Yo creo que si a alguien le está afectando lo que pasa en México es a los jóvenes, es a los niños. Se está cerrando el futuro de este país para las personas jóvenes, pero esto tiene arreglo siempre y cuando todos los mexicanos tomemos la decisión firme de recuperar nuestra nación. ¿Y cómo se puede hacer esto? Hay muchos esfuerzos, yo estoy en uno de ellos que se llama “Una Nueva Constituyente, Ciudadana y Popular”, es decir, una educación política del pueblo y esa educación política del pueblo la va a adquirir construyendo una nueva Carta Magna. Pero esto tiene que nacer del pueblo (…) mover a través de la construcción de un nuevo pacto, de la expresión de un pacto social.

Esto es muy importante. Que la gran mayoría de las personas que participamos en el padrón electoral estemos comprometidos en esto, porque sólo así podemos aplicar el artículo 39 de la Constitución que nos garantiza a todos los mexicanos a tomar la forma de gobierno que nosotros decidamos, en cualquier momento que lo decidamos.

Todos los mexicanos debemos saber cómo se debe conducir nuestra patria, ¡todos!
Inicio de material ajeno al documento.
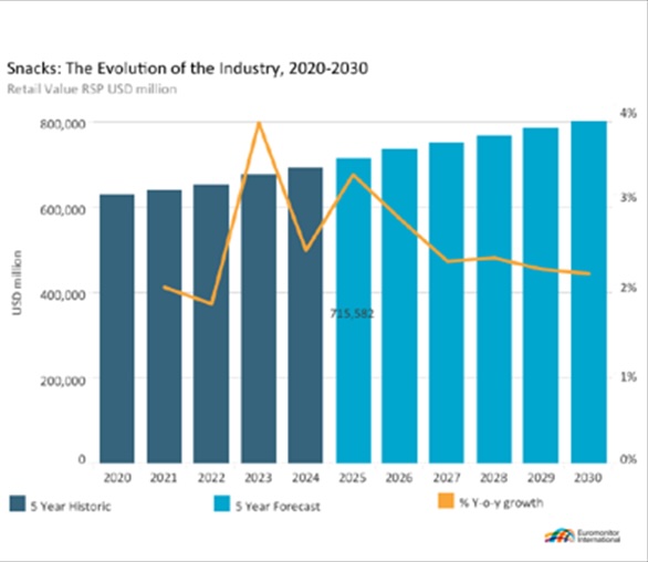 L’indulgenza accessibile sarà un fattore chiave nelle scelte di snack nei prossimi anni, in un settore che crescerà a 715,5 miliardi $

Y de esa manera vamos a ver si hacen todo lo que están haciendo con nosotros. Entonces, no hay de otra, los partidos políticos no son la solución.

Creo, y creo que este trabajo que están realizando ustedes pueden enfocarlo así: convencer a todos los mexicanos de que tenemos que tomar las riendas de nuestro país, pero con un proceso, en donde con una formación política, con procesos de educación popular, lo hagamos.
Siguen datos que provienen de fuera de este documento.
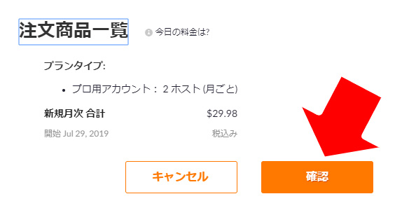 毎月引き落とされる金額を確認して、「確認」をクリックします。

Muchos lo cuestionan porque habla sobre problemáticas sociales, problemáticas políticas, temas polémicos sobre los que la Iglesia no se puede mantener ajena. ¿Cómo le explicaría esto a la gente que no lo entiende?
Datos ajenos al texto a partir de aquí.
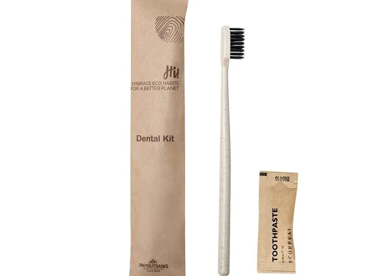 Komplet za zobno higieno (lesena zobna ščetka, narejena iz bambusovih vlaken +3gr zobne paste v unikatni papirnati vrečki). Set je zaradi naravnih sestavin okolju prijazen.
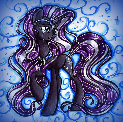 I really liked Nightmare Rarity's design in the comics, and I wanted to try to draw her for myself. So here's my attempt at itRelated content

El evangelio de Jesús…el evangelio es el evangelio del amor y el amor se tiene que manifestar con obras. Y la tarea que el Señor nos da en la Tierra es la construcción del mundo, la construcción de la historia. Y la construcción de la historia, entendida desde el evangelio es una construcción de justicia, es una construcción en el respeto, en la dignidad de todos, una construcción para que todos seamos libres. O sea, los valores universales se traducen en vida.

Los que crean que se van a ganar el cielo nada más porque rezan, o porque a lo mejor se aprenden de memoria el evangelio, pero no lo aplican, pues ¡se van a llevar la sorpresa del mundo! Porque además está bien claro en el capítulo 25 de Mateo, cuando dice, que al final se nos va a preguntar sobre el amor: tuve hambre y me diste de comer; tuve sed y me diste de beber; estuve desnudo y me vestiste; era forastero o migrante y me hospedaste; estaba enfermo o en la cárcel y me fuiste a ver.  Pero esto no es a través de una caridad, hecha con beneficencia, con asistencialismo, ¡no señor! Ni siquiera la caridad a la carta, de que yo tengo mi viejito al que le doy una camisa cada 3 meses.

Tenemos que resolver la justicia, el amor, la presencia y la vida digna para todos desde unas estructuras nuevas, unas estructuras justas que no sigan produciendo hambrientos, que no sigan produciendo sedientos, que no sigan produciendo migración forzada, que no sigan produciendo muerte en lugar de vida. Entonces esto es algo de eso de lo que nos va a preguntar el señor Jesús (…) El cielo se conquista con buenas obras, no con buenos deseos.

Entonces, ¿Qué les diría? (a quienes lo critican): ¡Oiga! Organizar el mundo de una manera diferente, esta es la tarea de nosotros los cristianos. ¡No, si por eso dicen, que el infierno está tapizado de buenas intenciones!

Jesús en su tiempo también fue tachado de ser controversial e ir a contracorriente…

¡Por supuesto! Claro que sí. ¿Por qué? A Jesús le indignaba la manera en que eran tratadas las personas, le indignaba el desprecio, de cómo se trataba a la mujer, le indignaba que se marginara a la gente, que se le excluyera. Se indignaba, ¡por supuesto!.

Entonces, ¡ay no se meta en política! ¡Óigame! La política en primer lugar es una actividad noble; segundo, es una ciencia; tercero es una manera de vivir, y una manera de pensar, de coordinarnos para lograr el bien común.